Num momento em que o mundo se preocupa com uma crise alimentar global e protestos já explodem em lugares pobres, uma personalidade mundial pode se gabar de ter alertado há mais de um ano que isso ocorreria -- Fidel Castro. O ex-presidente cubano não aparece em público desde a cirurgia intestinal de julho de 2006, mas desde março de 2007 escreve regularmente artigos para o jornal Granma. Já na estréia, atacou a aliança entre Brasil e Estados Unidos para a produção de etanol, dizendo que o interesse norte-americano pelos biocombustíveis estava elevando o preço dos alimentos e ameaçando provocar uma onda global de fome.

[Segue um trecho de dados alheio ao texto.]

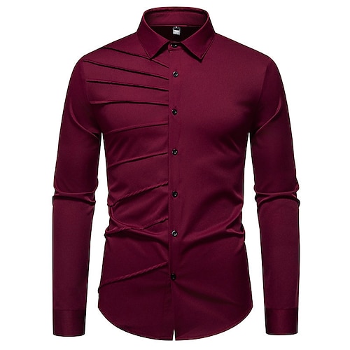 Per uomo Camicia Camicie Camicia con bottoni Rosa Matrimonio Feste Nero Bianco Vino Blu marino Manica lunga Bavero Primavera Autunno Abbigliamento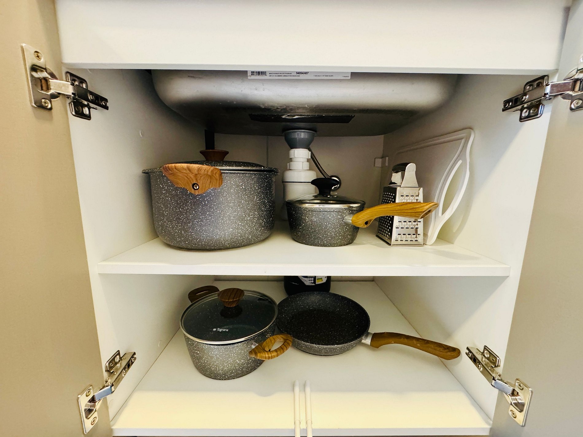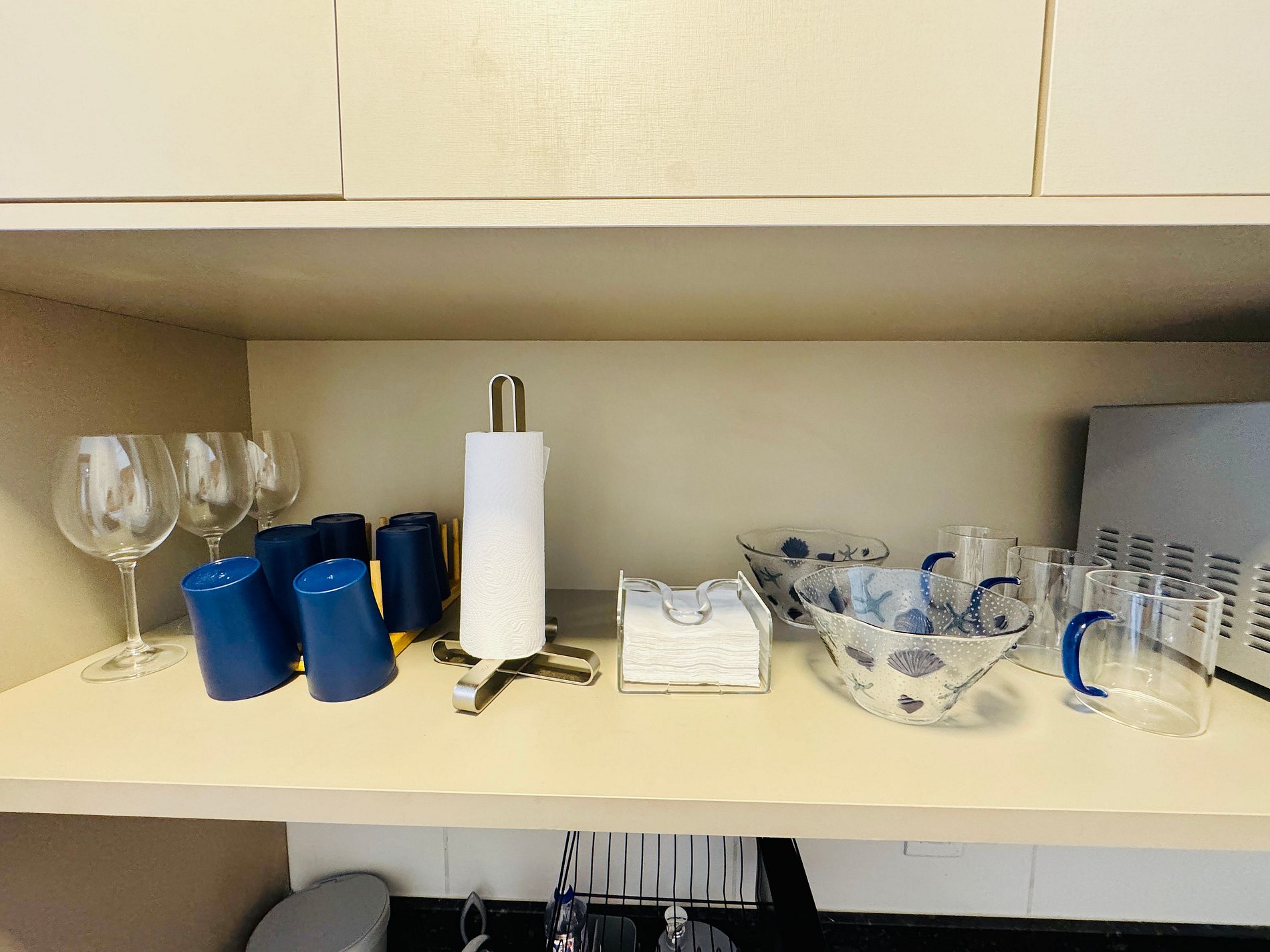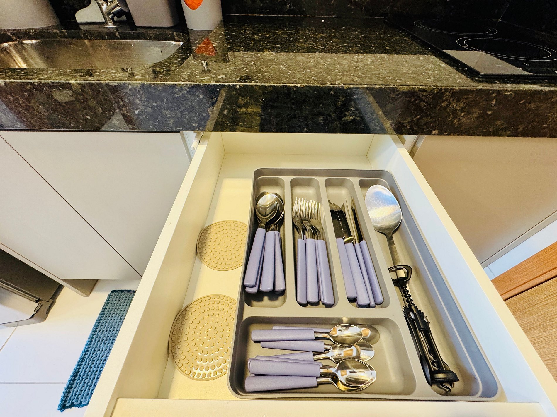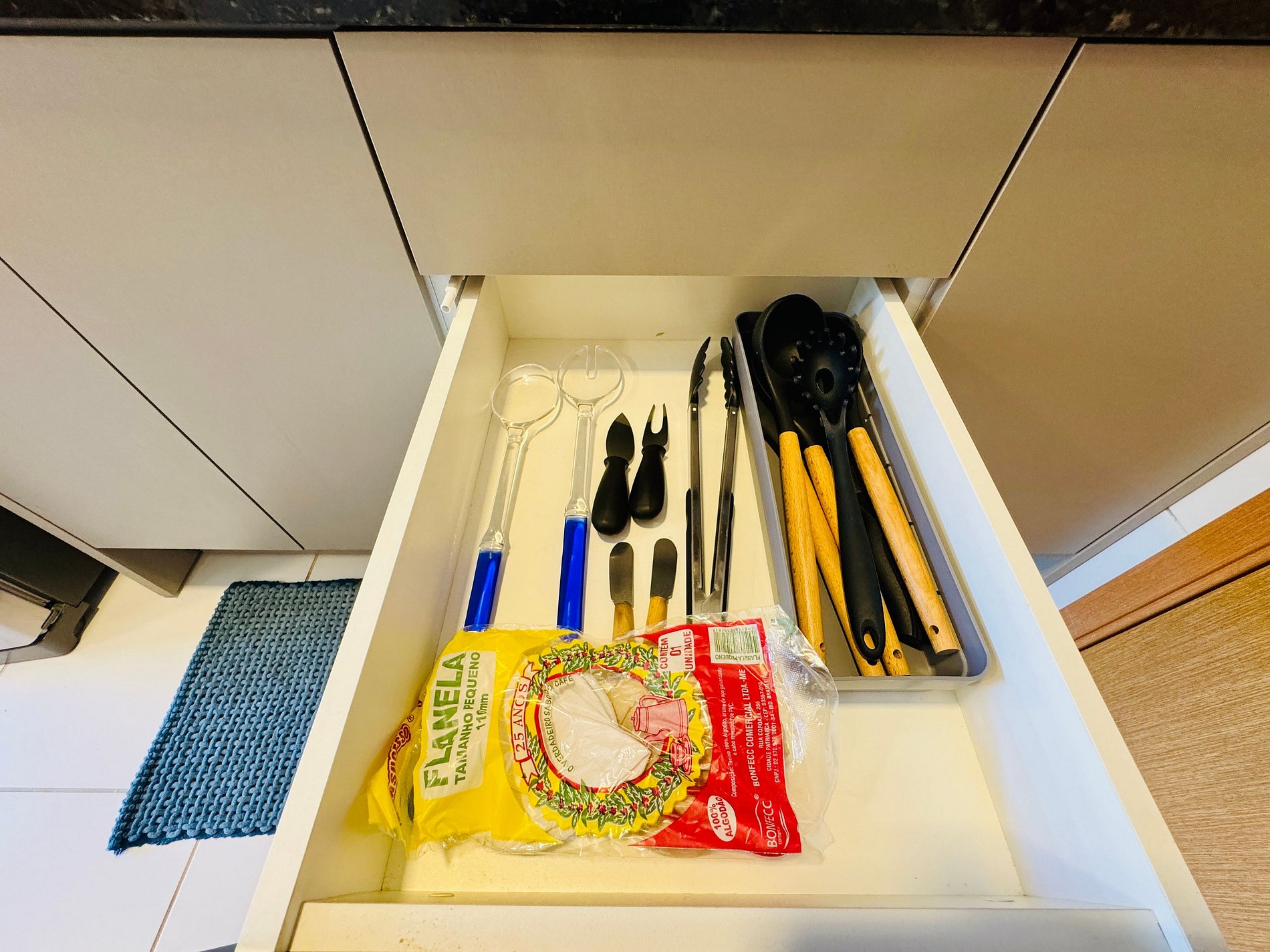 - Cozinha equipada com geladeira, micro-ondas, cooktop elétrico, cafeteira, airfryer, sanduicheira, liquidificador e utensílios diversos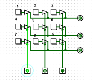 We received the design of a 3x3 size matrix keyboard excited by pins connected to each column of the keyboard respectively, once the column is excited, one of the three available buttons in that column can be selected, when more than one column is on at the same time, if a number is selected on the keyboard the circuit’s output will be invalid, then the circuit originally delivered: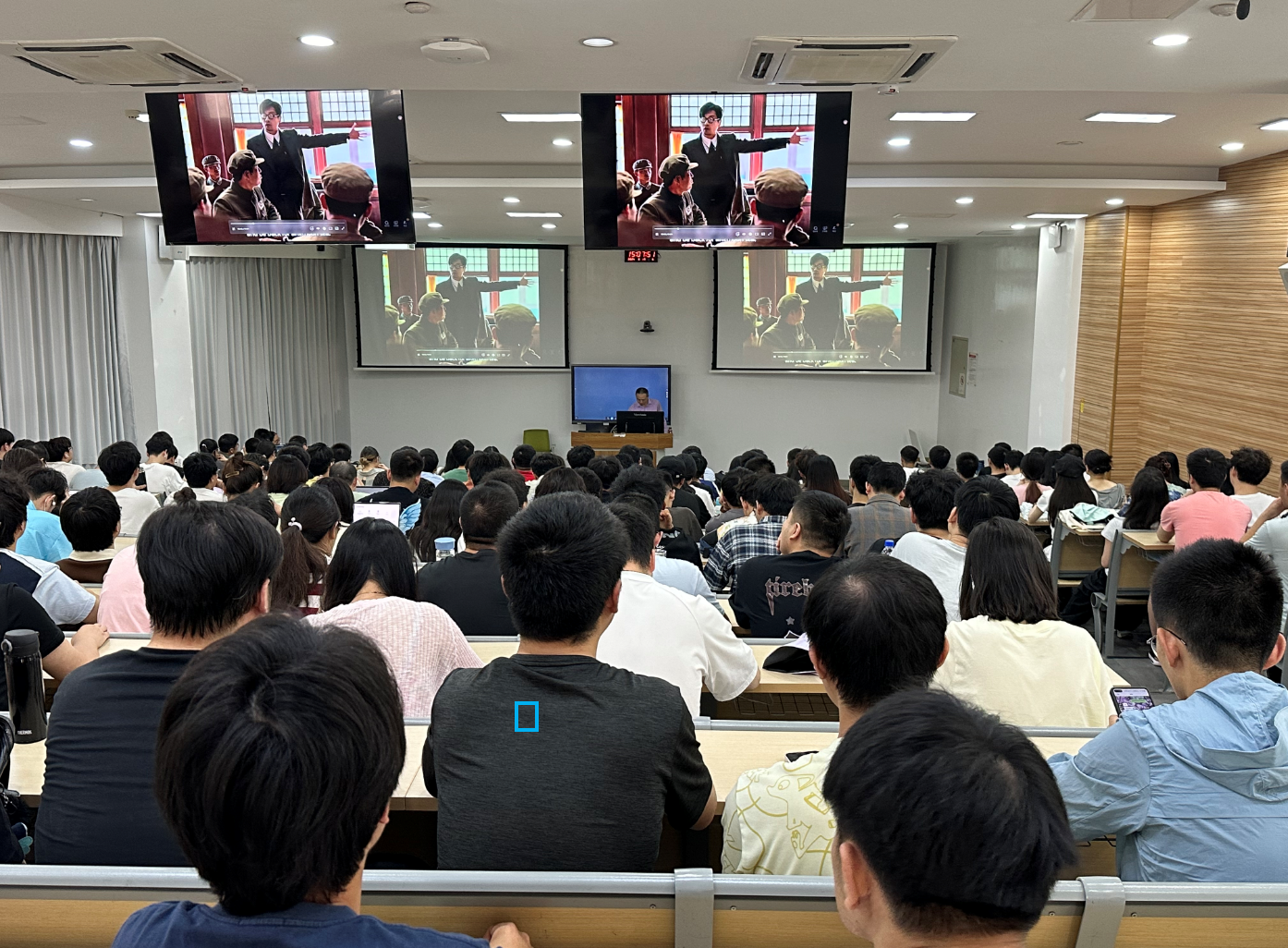 在谢老师热情的主持下,课程于14:55正式开始。谢老师首先以抗美援朝影片片段进行了引导,使同学们领会强国必须强军,国家的强大对实现中华民族伟大复兴的重要作用。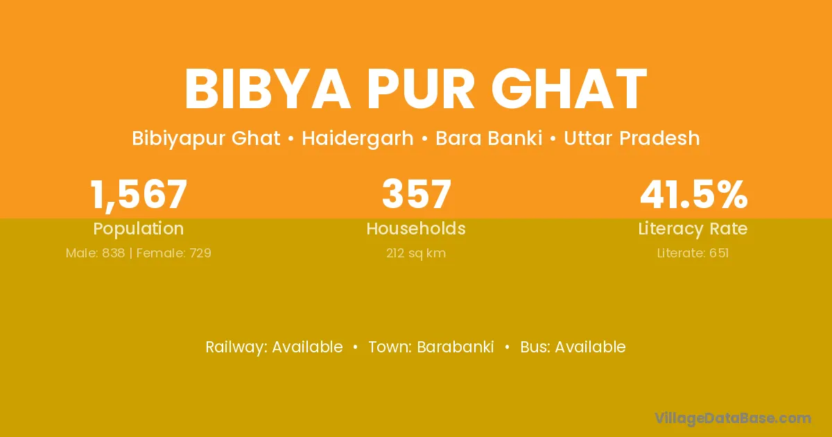 Bibya Pur Ghat village has a total population of 1,567 people, of which 838 are males and 729 are females.
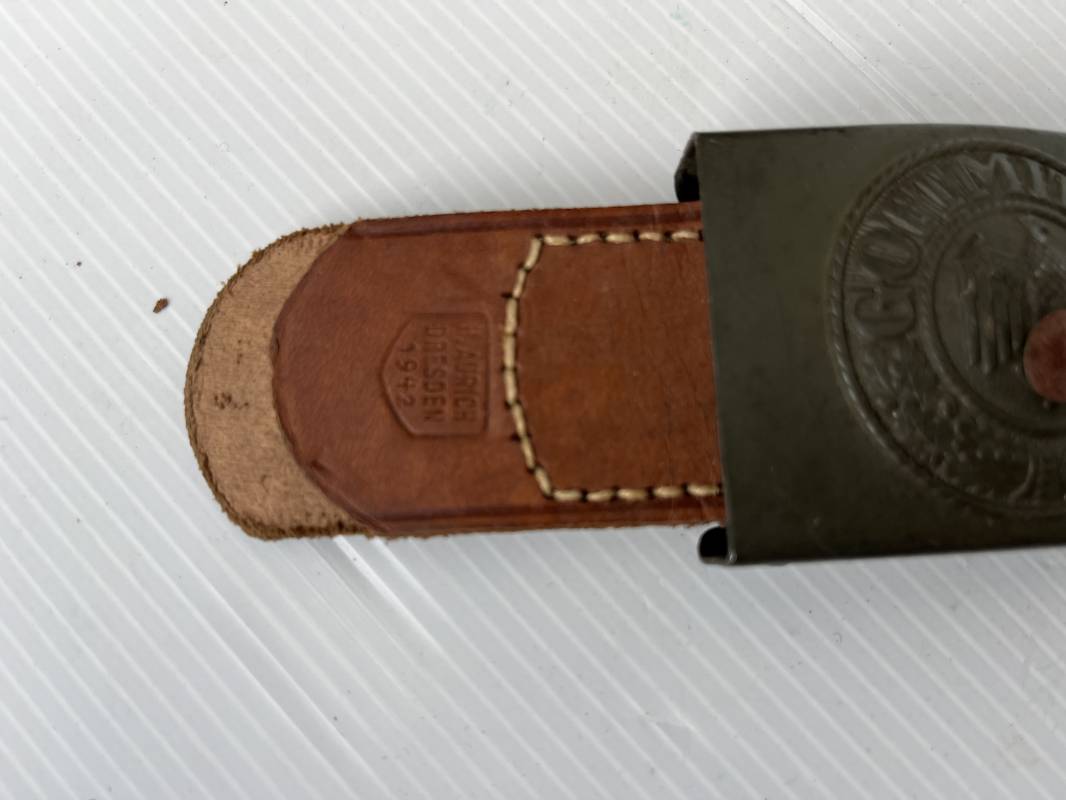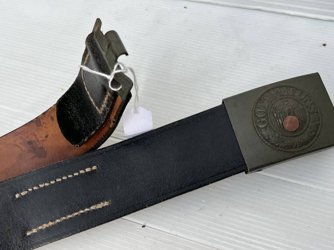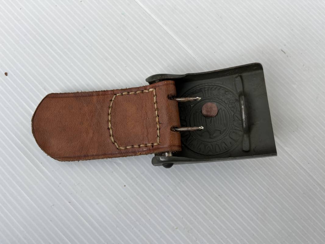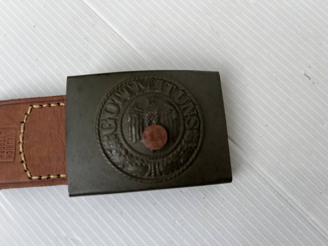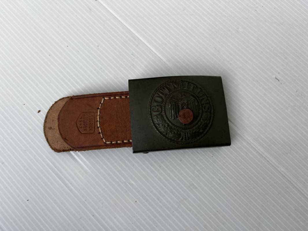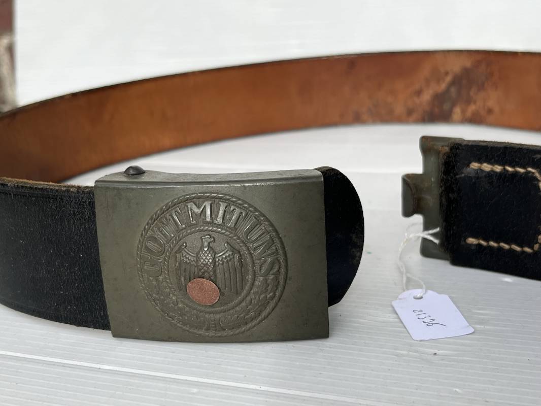 Très beau ceinturon Troupe de la Heer modéle 1940 . Boucle fer modèle 1940 , peinture feldgrau d'origine. Passant et crochet fer . Patelette cuir fauve avec marquage fabricant H Aurich Desden daté 1942 . Ceinturon troupe en cuir noir retourné. Marquage fabricant sur la languette daté 1942 . Crochet fer peint en vert . Languette intèrieure en cuir .Cuir souple,. longueur 90 cm. Trés bel ensemble trés peu porté et en superbe état . Ceinturon et boucles ont été trouvés ensemble en Allemagne . Totalement intouché . Superbe état ' quasi neuf ' . Ref 21396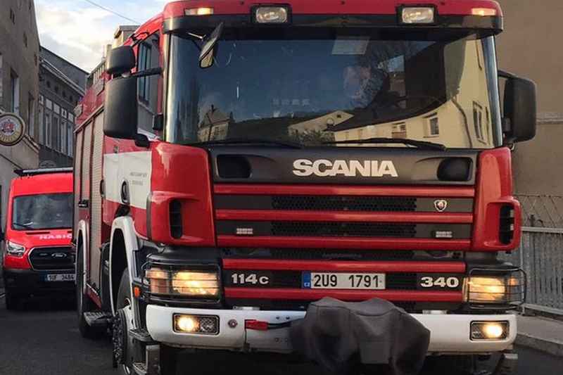 Požár bytu v Bečově u Mostu: v noci evakuace 20 lidí, dva zachránili hasiči

"Mais de 3 bilhões de pessoas no mundo estão sendo condenadas a uma morte prematura de fome e sede", escreveu Fidel naquele artigo. "Não é exagero, e sim uma cifra conservadora", disse ele, para quem a idéia de transformar alimentos em combustíveis parecia "sinistra". Nas últimas semanas, houve distúrbios por causa dos preços dos alimentos em vários lugares da África, na Indonésia e no Haiti, onde o governo caiu. Para manter seus estoques, países produtores restringiram as exportações, e diante do pânico global a respeito do preço do arroz até algumas redes de supermercados dos EUA limitaram a venda do produto.
Especialistas atribuem o encarecimento dos alimentos à produção de biocombustíveis, mas também a fatores climáticos, à baixa dos estoques, à demanda asiática e a especulações no mercado. De acordo com a FAO (órgão da ONU para alimentação e agricultura), 37 países podem enfrentar crises alimentares. Os preços de produtos básicos como milho, trigo, soja, leite em pó e arroz em alguns casos mais do que duplicaram desde que Fidel escreveu seu artigo.
Na época, o então presidente licenciado de Cuba sugeriu que o mundo acompanhasse a "revolução energética" lançada por ele em 2005 na ilha, quando o preço do petróleo ainda estava relativamente baixo. Diante da escassez de energia na ilha, o governo ordenou a substituição de todas as lâmpadas incandescentes por luzes fluorescentes. Outros países em desenvolvimento, como a Argentina, fizeram o mesmo. O governo de Fidel também havia promovido a troca de velhas geladeiras e fogões, energeticamente ineficientes, por econômicos equipamentos chineses.
Fidel, um dos mais famosos críticos mundiais do consumismo, também já aconselhou países como China, Índia e Brasil a não copiarem os padrões extravagantes de consumo nos EUA, pois isso pode levar o mundo a um desastre. "Acho que reduzir e reciclar todos os motores operados a combustível e eletricidade é uma necessidade urgente e elementar de toda a humanidade", escreveu ele na primeira coluna.
Críticos dizem que a "revolução energética" não passou de um pacote contra a crise provocada pela obsolescência da infra-estrutura nacional. Desde que Fidel foi definitivamente substituído por seu irmão Raúl, em fevereiro, o governo relaxou algumas medidas contra o consumo, como a restrição à compra de aparelhos de DVDs e celulares.